Hurley’s follow up to ‘The Loney’, ‘Devil’s Day’ is a claustrophobic supernatural tale that speaks of the visceral ties of family, of superstition and mythology, and of the dark power of landscape. Located in a tiny hamlet on the Lancashire moors, and told in the present while also reaching deep into the past, the novel follows John Pentecost and his newly pregnant wife Kat who have returned to John’s family farm to mourn the loss of his grandfather. Their arrival coincides with the ritual of Devil’s Day, a potent ceremony which holds a dark significance for the tight-knit community and belies centuries of secrets and superstitions. As John and Kat are drawn into fermenting local tensions, and become entangled in buried horrors and haunted pasts, they feel a deep, violent undertow that suggests the Devil himself may be amongst them.
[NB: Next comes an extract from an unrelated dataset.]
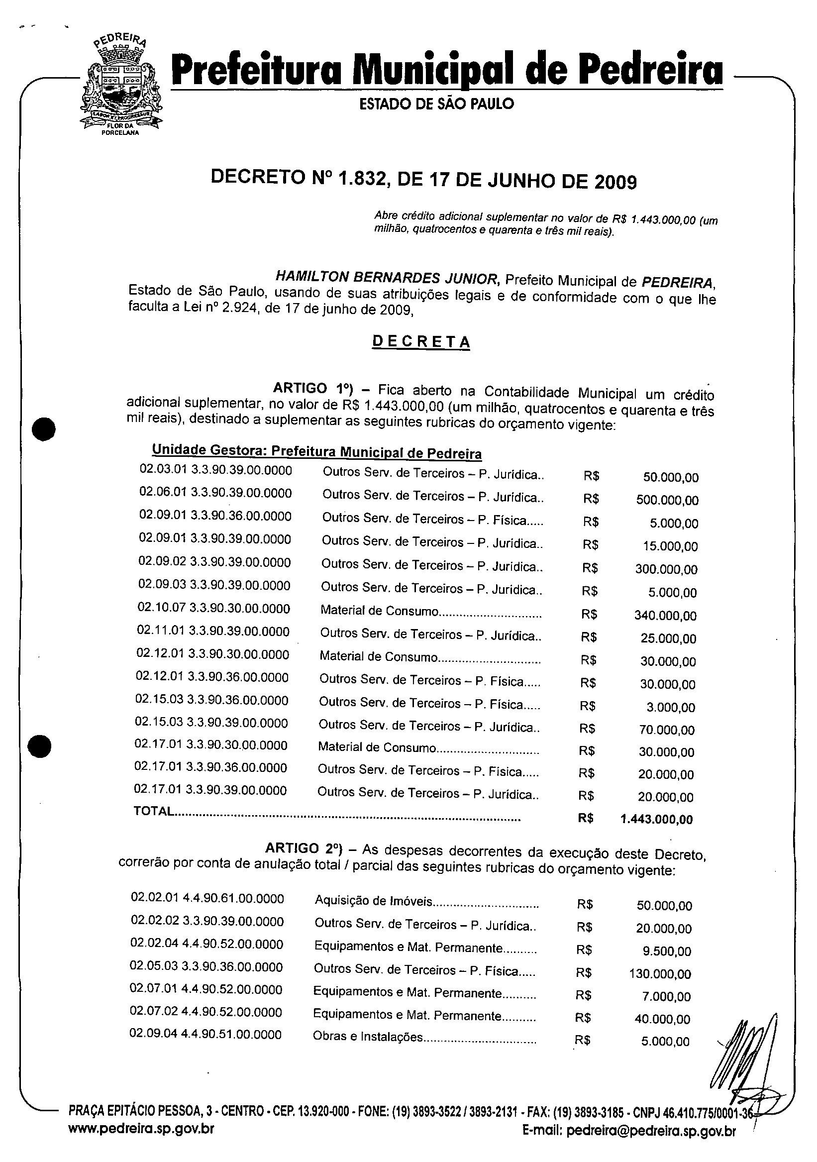 Decreto - N° 1832 de 17/06/2009

Andrew Michael Hurley “I’m absolutely delighted to be working on the screen adaptation of Devil’s Day with The Ink Factory. From the first meeting, it was clear that their vision of the relationship between the valley, moorland and the characters matched my own.”
Emma Broughton, Head of Development at The Ink Factory: “‘Andrew’s stunning novel offers extraordinary potential for adaptation: its beguiling, complex characters, compulsive narrative, and extraordinary evocation of landscape, match absolutely, in sensibility and ambition, our commitment to create brilliant, bold, and thrilling drama.”
Andrew’s debut novel, ‘The Loney’ won the Costa First Novel Award and the British Book Awards Book of the Year, has been sold in twenty territories, and sold over 150,000 copies across all formats in the UK. A feature film is currently in development with Film4, with Ink Factory’s The Night Manager writer, David Farr, adapting.
The deal was brokered by Luke Speed of Curtis Brown Group on behalf of Lucy Luck of C+W Literary Agency. Published by John Murray on the 19th of October, the rights are sold to HMH in the US and in Germany, Holland, France, Italy, Brazil and Finland so far.